PROBLEM DESCRIPTION: Only one stretch of the material below is wanted: everything from the line containing "JUAN CARLOS I" down to the line containing "Balmain FIXE BPS-123D-54", both ends included. Repeat it exactly and skip the pictures.

DATA SHOWN:
**********

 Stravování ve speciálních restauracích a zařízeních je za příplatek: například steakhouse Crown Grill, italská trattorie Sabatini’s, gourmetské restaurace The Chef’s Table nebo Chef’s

**********

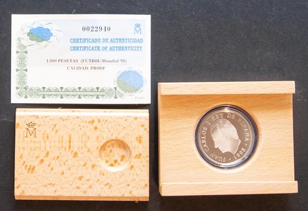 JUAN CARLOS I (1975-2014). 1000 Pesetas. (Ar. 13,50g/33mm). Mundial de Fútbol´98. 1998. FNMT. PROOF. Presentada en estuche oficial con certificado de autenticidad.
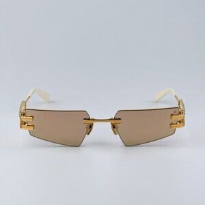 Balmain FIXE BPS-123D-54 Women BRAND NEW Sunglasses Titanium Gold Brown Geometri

**********

TASK SOLUTION:
 JUAN CARLOS I (1975-2014). 1000 Pesetas. (Ar. 13,50g/33mm). Mundial de Fútbol´98. 1998. FNMT. PROOF. Presentada en estuche oficial con certificado de autenticidad.
 Balmain FIXE BPS-123D-54 Women BRAND NEW Sunglasses Titanium Gold Brown Geometri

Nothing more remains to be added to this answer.